TASK TO COMPLETE: Reproduce word for word the lines of the listing from the first one through the one with "Sadhus and devotees", omitting every picture.

START DATASET CONTENT

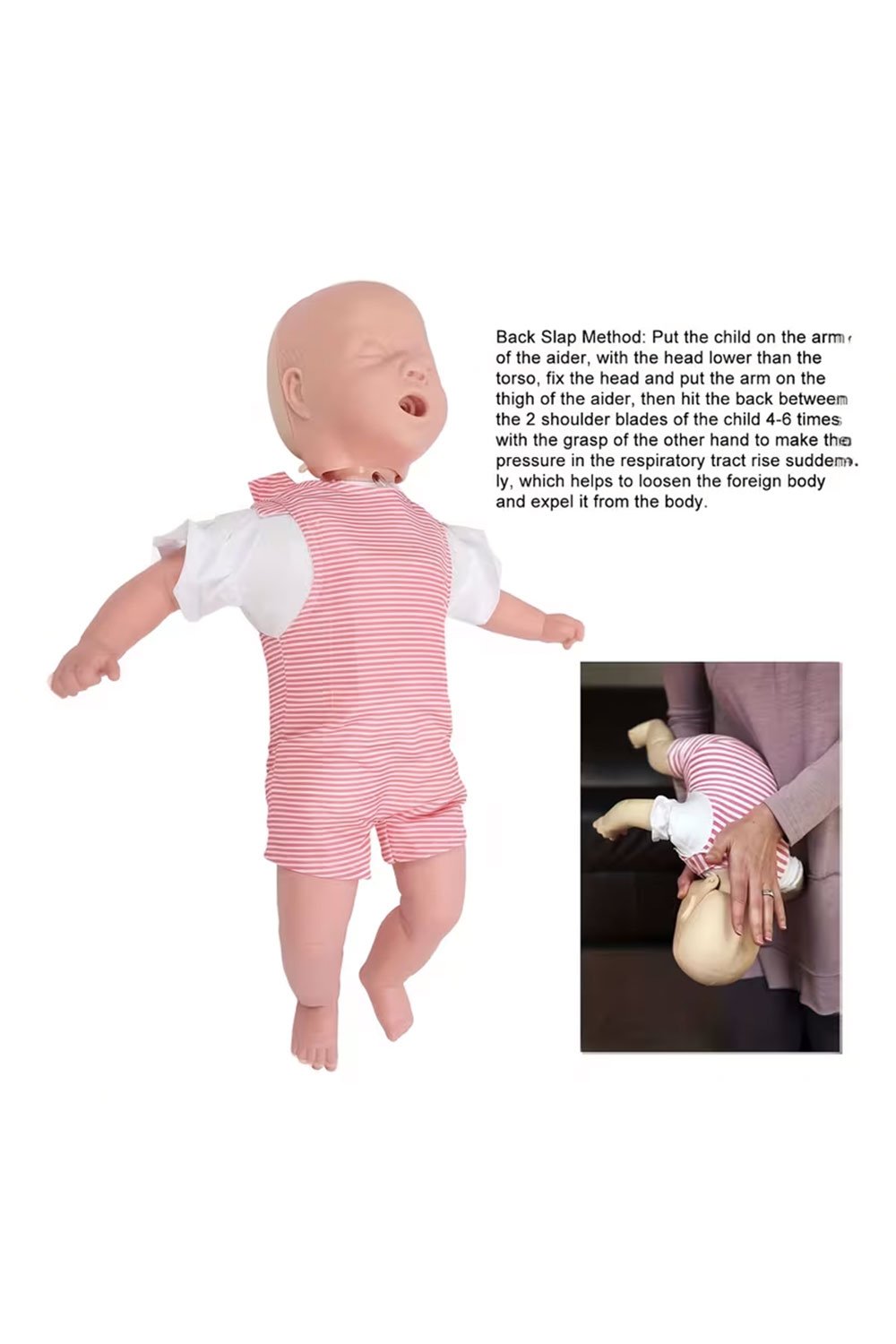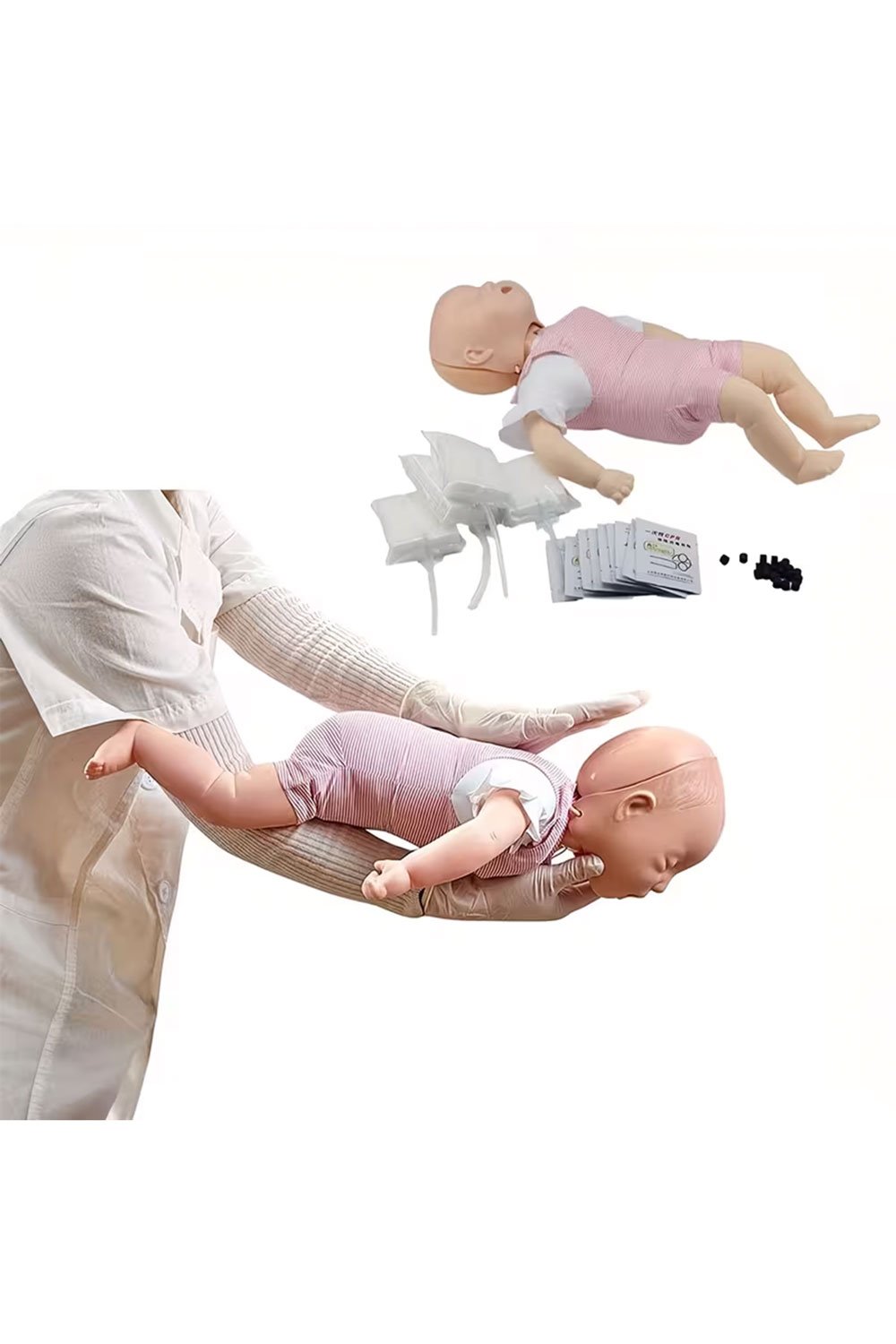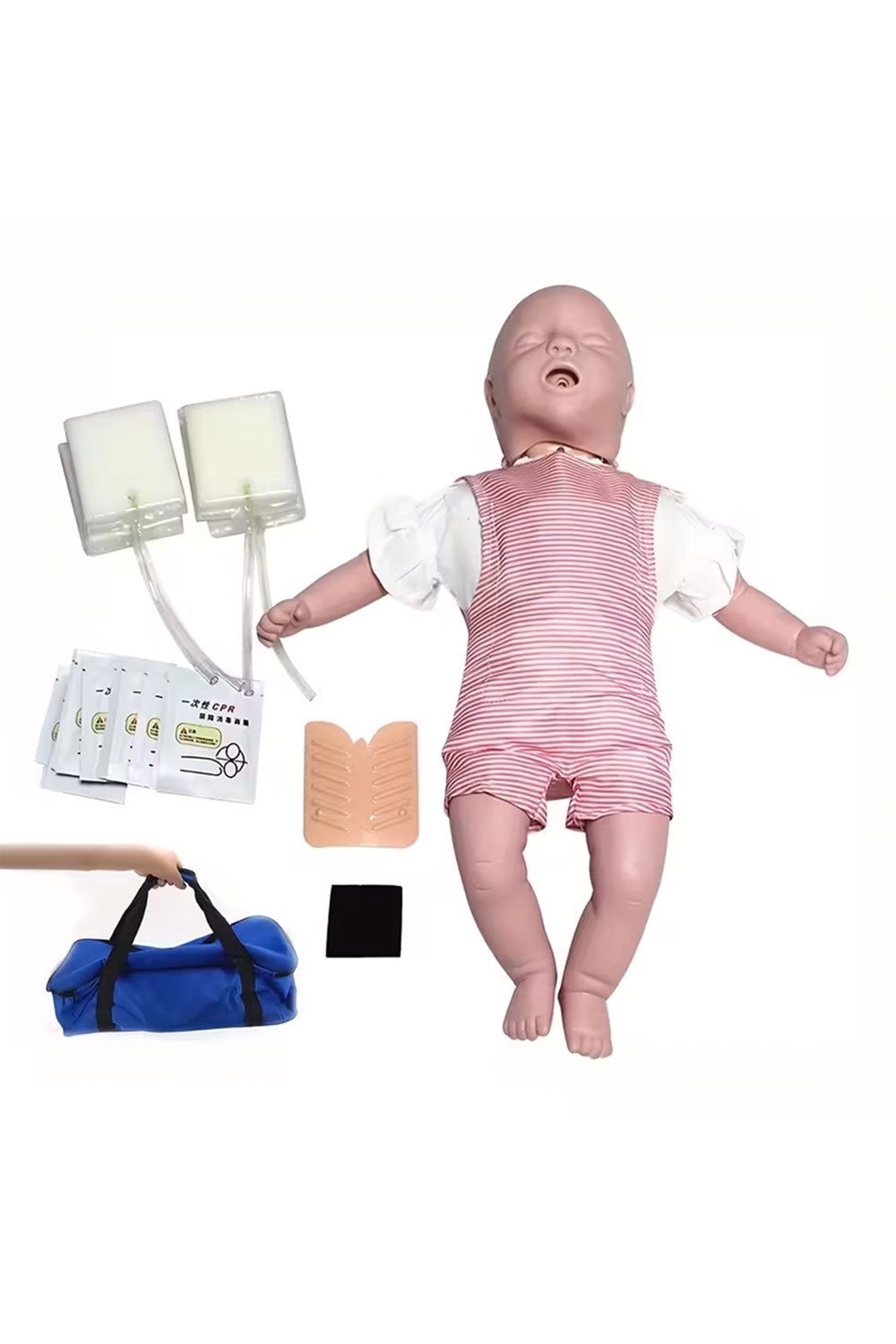 دمية تدريب على الإنعاش القلبي الرئوي للأطفال، تتضمن نموذجًا لانسداد مجرى الهواء، وأدوات تدريب على الإنعاش القلبي الرئوي والإسعافات الأولية، وأربع أكياس لانسداد مجرى الهواء، وعشرة أقنعة واقية، ومجموعة كاملة لانسداد مجرى الهواء بجسم غريب، ونموذج تدريب لكامل الجسم.
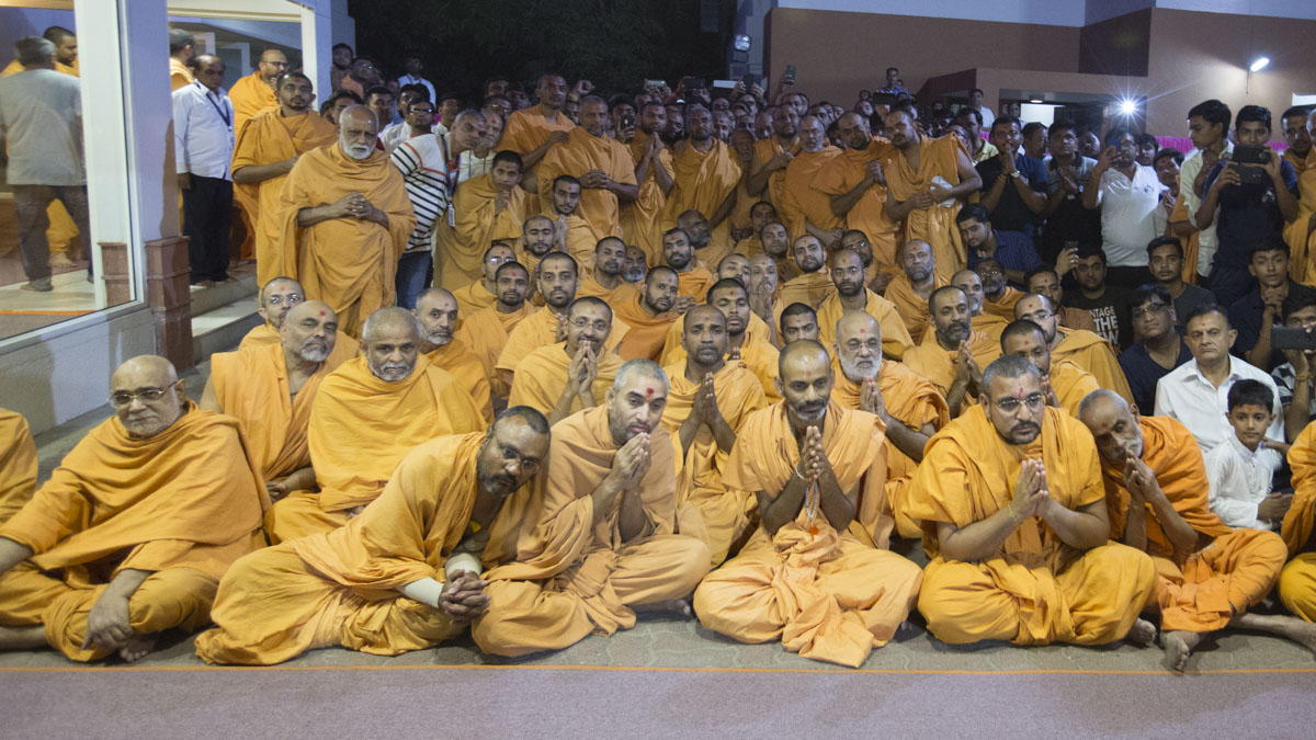 Sadhus and devotees doing darshan of Swamishri
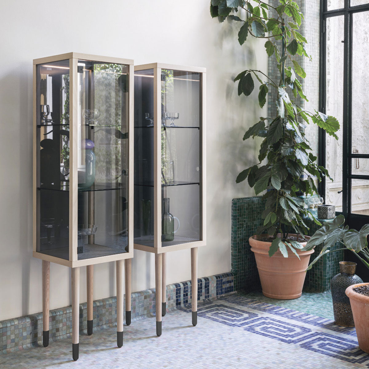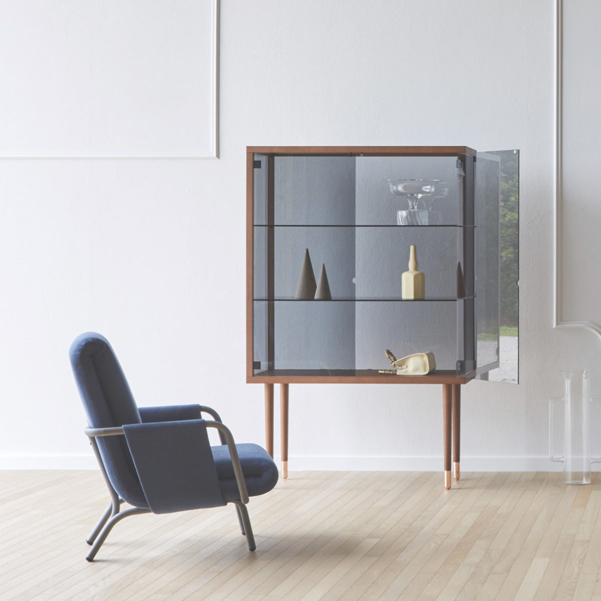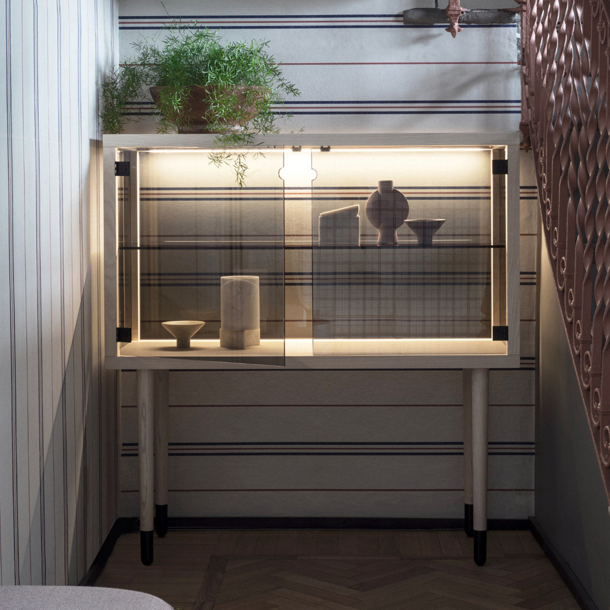 Juno from the Italian brand Miniforms is a series of 3 stylish sideboards. It was made of solid wood and glazed elements. Juno is distinguished by long legs that enliven the simple form of the sideboard. Available in three sizes and in different colors.
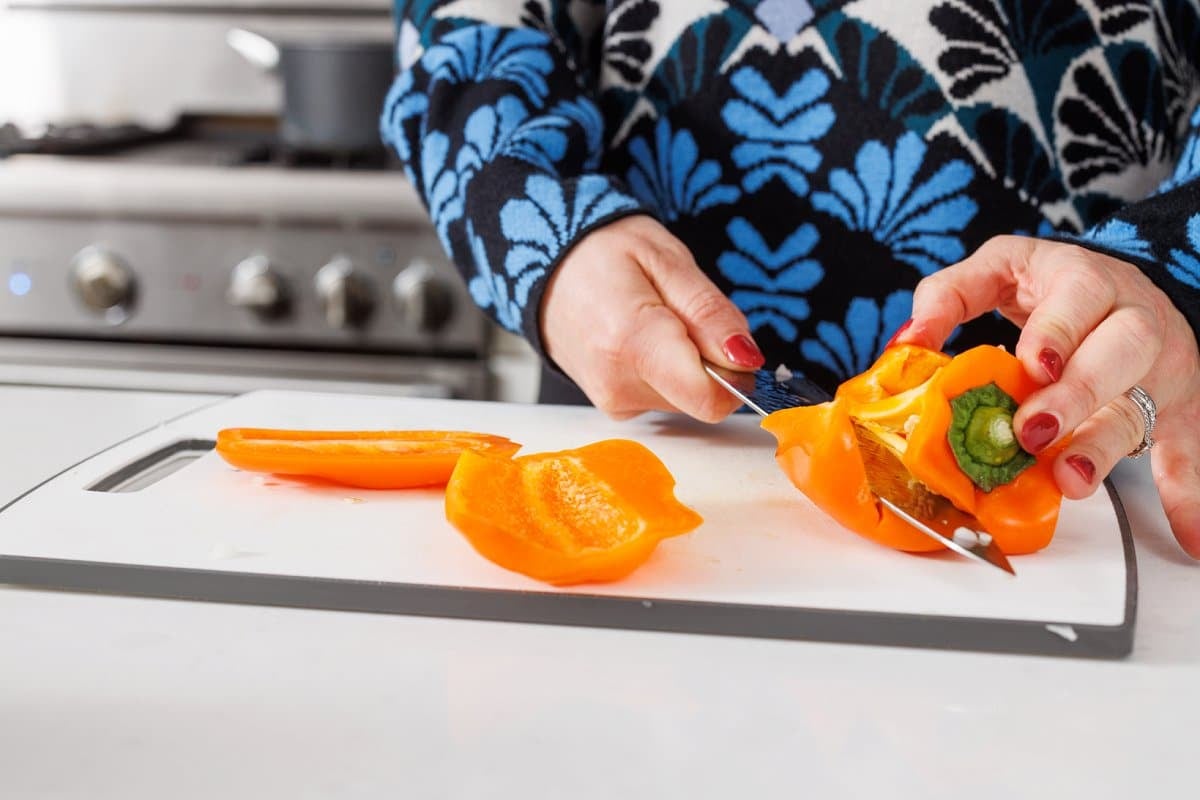 - Bell peppers: You can use any color you like, or a mixture. I like using red bell peppers as they are the sweetest, but I’ll frequently do a blend of red, orange, and yellow peppers.

END DATASET CONTENT

TASK RESULT:
 دمية تدريب على الإنعاش القلبي الرئوي للأطفال، تتضمن نموذجًا لانسداد مجرى الهواء، وأدوات تدريب على الإنعاش القلبي الرئوي والإسعافات الأولية، وأربع أكياس لانسداد مجرى الهواء، وعشرة أقنعة واقية، ومجموعة كاملة لانسداد مجرى الهواء بجسم غريب، ونموذج تدريب لكامل الجسم.
 Sadhus and devotees doing darshan of Swamishri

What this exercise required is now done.